* [EXTRACTED INFORMATION]

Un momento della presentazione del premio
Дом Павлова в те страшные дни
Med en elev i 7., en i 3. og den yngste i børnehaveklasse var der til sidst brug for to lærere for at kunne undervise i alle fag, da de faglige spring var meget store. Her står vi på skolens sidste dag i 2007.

--

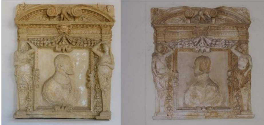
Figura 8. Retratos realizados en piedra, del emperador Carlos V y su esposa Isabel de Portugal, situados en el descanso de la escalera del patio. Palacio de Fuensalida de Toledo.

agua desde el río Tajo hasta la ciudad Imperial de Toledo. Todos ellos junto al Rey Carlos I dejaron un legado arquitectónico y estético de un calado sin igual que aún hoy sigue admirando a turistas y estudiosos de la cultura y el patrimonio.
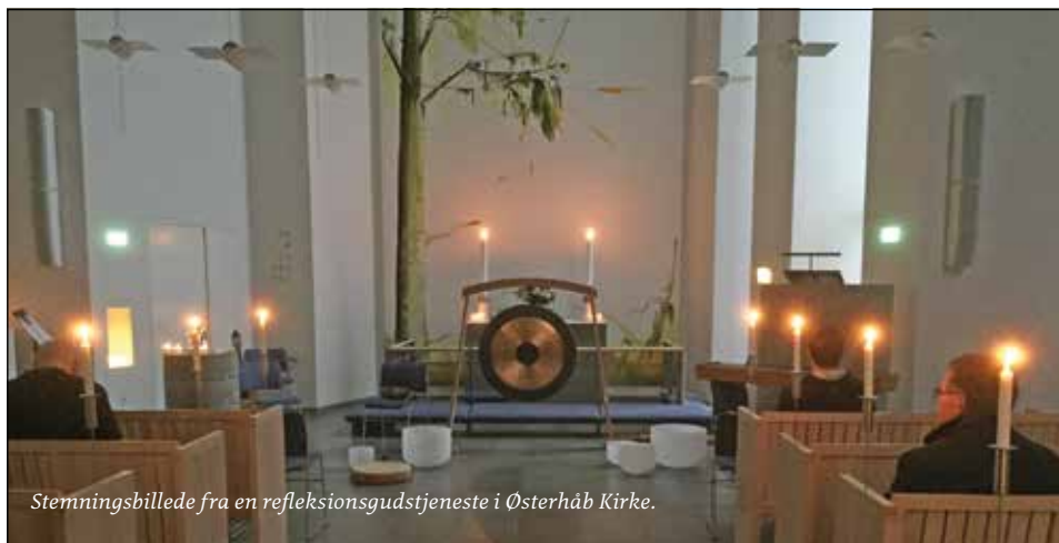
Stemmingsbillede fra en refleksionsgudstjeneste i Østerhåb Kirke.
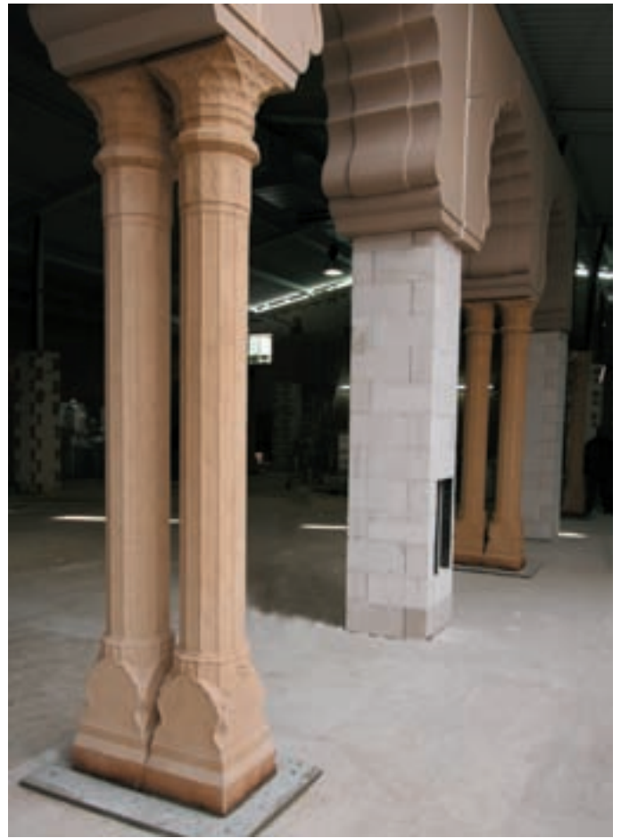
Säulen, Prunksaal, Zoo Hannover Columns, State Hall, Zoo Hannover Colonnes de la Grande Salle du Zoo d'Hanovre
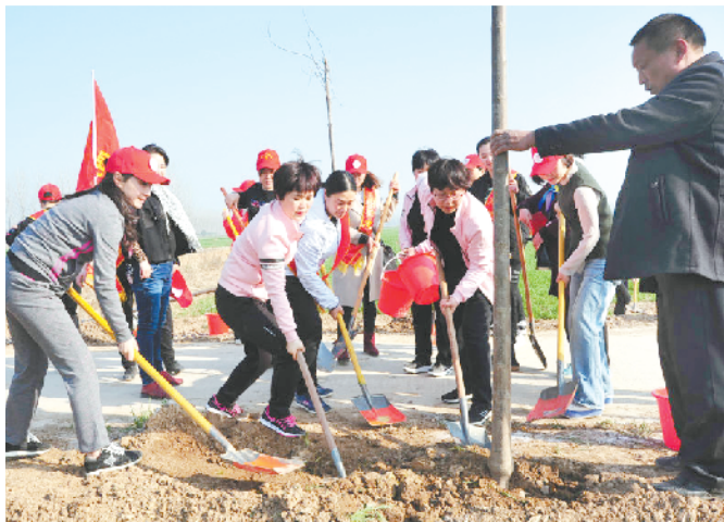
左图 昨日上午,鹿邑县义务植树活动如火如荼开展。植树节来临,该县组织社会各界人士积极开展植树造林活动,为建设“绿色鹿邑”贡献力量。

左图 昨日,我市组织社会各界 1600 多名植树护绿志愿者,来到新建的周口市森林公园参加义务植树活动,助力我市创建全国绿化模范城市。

* [EXERCISE BRIEF] The reply should hold exactly the lines above, starting at the line with "agua desde el" and ending at the line with "左图 昨日,我市组织社会各界 1600", and no pictures.

* [RESPONSE BELOW]
agua desde el río Tajo hasta la ciudad Imperial de Toledo. Todos ellos junto al Rey Carlos I dejaron un legado arquitectónico y estético de un calado sin igual que aún hoy sigue admirando a turistas y estudiosos de la cultura y el patrimonio.
Stemmingsbillede fra en refleksionsgudstjeneste i Østerhåb Kirke.
Säulen, Prunksaal, Zoo Hannover Columns, State Hall, Zoo Hannover Colonnes de la Grande Salle du Zoo d'Hanovre
左图 昨日上午,鹿邑县义务植树活动如火如荼开展。植树节来临,该县组织社会各界人士积极开展植树造林活动,为建设“绿色鹿邑”贡献力量。

左图 昨日,我市组织社会各界 1600 多名植树护绿志愿者,来到新建的周口市森林公园参加义务植树活动,助力我市创建全国绿化模范城市。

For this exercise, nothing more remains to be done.